Pointing out examples like this is usually enough to win the average pro-life-vs-pro-choice-debate. There are some people though, who are not that easily thwarted.
I've recently stumbled across a paper by Bertha A Manninen, published in "Philosophy, Ethics and Humanities in Medicine". (All following quotes are from this paper.) In it, she seeks to refute Singer and those who share his views, arguing that in many cases potential does, in fact, matter:

The task that the pro-potentialist now faces is to explain why the fetus' potential is a morally relevant characteristic that justifies extending to it a right to life. I believe that this can be done. What I want to do now is refute Paul Bassen's point that " [n]owhere outside the abortion debate itself is there a precedent for supposing that future prospects can create a present sake [15]" by discussing examples that seems to run contrary to this assertion.

The first example she gives is the moral right to a health insurance, as demanded by article 25 of the United Nations' Universal Declaration of Human Rights.

[...] potentially ill individuals, like my child or myself, also have a moral right to health insurance. But why do we accord this latter group health insurance, even though they are not actually sick? Because possessing health insurance, even in the absence of an impending illness, also constitutes a great benefit for potentially sick people and a deprivation of health insurance also constitutes a harm for potentially sick people. (Emphasis in the original)

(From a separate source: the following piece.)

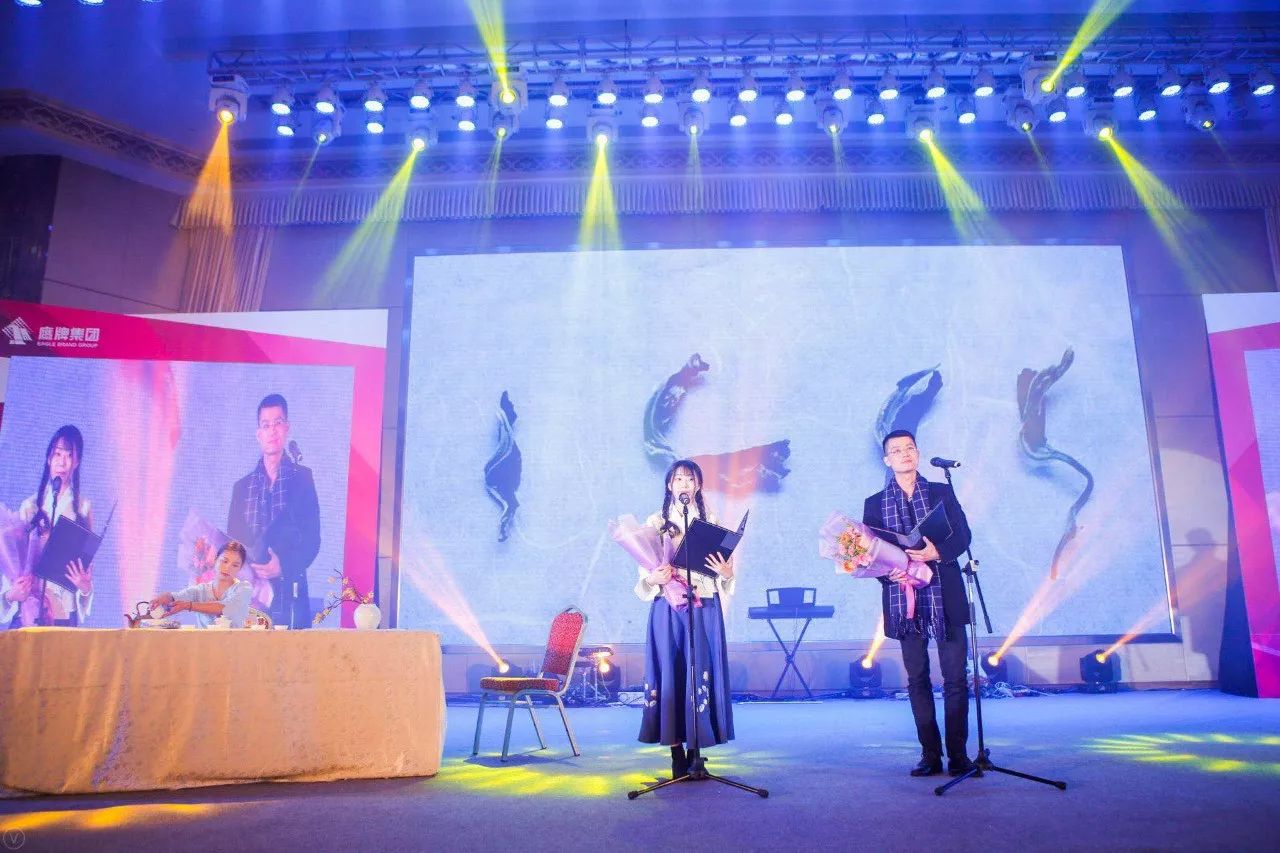 高顏主持人為我們拉開了2018新年晚會的序幕,鷹牌集團總裁林偉、集團副總裁陳賢偉攜一眾領導出席本次晚會。

She goes on to cite the moral right to an education and some other examples, to finally arrive at the conclusion that

A potential X may be granted the same moral rights as an actual X in virtue of its potential if its potential generates an interest in such a moral right; that is, if possessing the moral right constitutes a benefit for the potential X and a denial of the moral right constitutes a harm. (Emphasis in the original)

Which, I think, is spot on. The only problem is that it does not at all relate to the case of a bunch of cells that we call an embryo, not even to an advanced human fetus. The key point here is the term of "interests", which a bunch of cells cannot be said to have. In all the cases Mrs. Manninen mentions there is indeed a benefit to the potential person, but not because of its potential.
Taking away a healthy person's health insurance, for example, does not constitute a harm because the person is a potentially sick person and thus has a potential need for health insurance. A healthy person has a very current interest in health insurance, because it provides a sense of security and thus quality of life. Having health insurance is a current interest, because it is the basis of current considerations and actions. It is the mental capacity of the human of perceiving himself as a person in time, of being able to think about the future and to acknowledge the fact of dying that makes the adult human exceptional in this regard.
The harm is not in taking away a health insurance that is not currently needed. The harm is in taking away the comfort and security such an insurance provides. Being able to perceive the future makes us able to feel discomfort, insecurity and fear at the prospect of having to face every day dangers without an insurance to lessen the impact of possible accidents.

Embryos, on the other hand, distinctly lack that property. An embryo cannot be said to have an interest in its future life, while grown humans can very well be said to have an interest in health and other aspects of their future.

Finally, the center of the argument from potential remains the equation of a tiny bit of biomass to a fully conscious intelligent being. This argument must fail because the extent of "harm" one can inflict on something is depending on that something's interest in avoiding that harm. Indeed, harm can be defined as the disregard of an interest.
Slapping a person's face , for example, is generally considered to be harmful, but only because most people have an interest in not being slapped. In a consensual situation between a sadist and a masochist, however, slapping might even be considered beneficial to both parties because interests are being served rather than disregarded. Much like a stone, an embryo cannot be harmed because it has no interests - not even in its own continued existence.